» Problem: Every line below needs to be transcribed without alteration, and no image may be carried over.

» Source material:

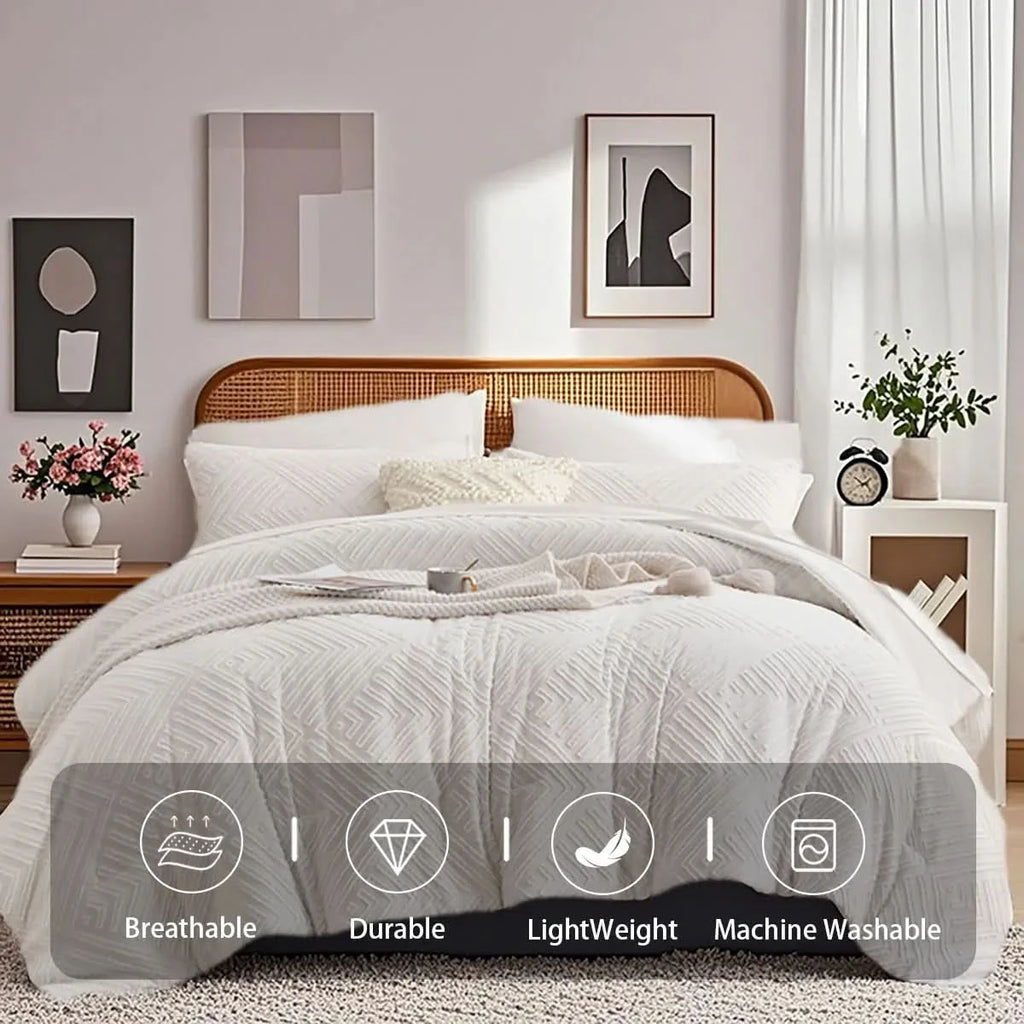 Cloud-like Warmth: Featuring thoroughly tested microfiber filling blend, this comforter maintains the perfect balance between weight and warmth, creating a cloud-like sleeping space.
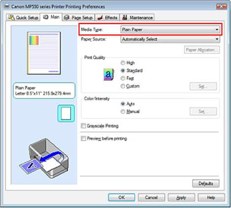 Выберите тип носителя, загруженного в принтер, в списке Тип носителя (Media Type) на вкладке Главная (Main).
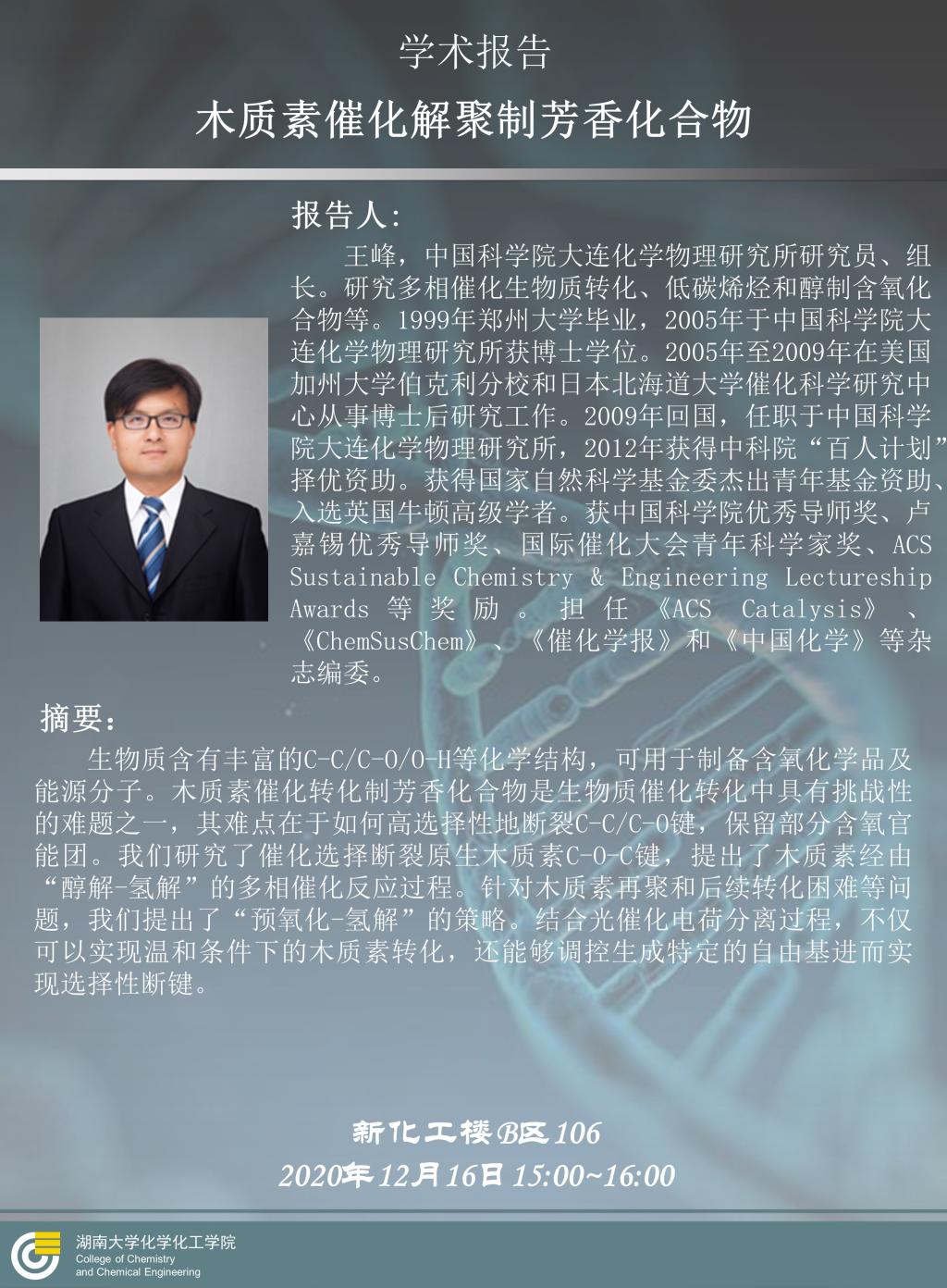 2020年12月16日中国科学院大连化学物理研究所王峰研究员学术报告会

» Response to this exercise:
 Cloud-like Warmth: Featuring thoroughly tested microfiber filling blend, this comforter maintains the perfect balance between weight and warmth, creating a cloud-like sleeping space.
 Выберите тип носителя, загруженного в принтер, в списке Тип носителя (Media Type) на вкладке Главная (Main).
 2020年12月16日中国科学院大连化学物理研究所王峰研究员学术报告会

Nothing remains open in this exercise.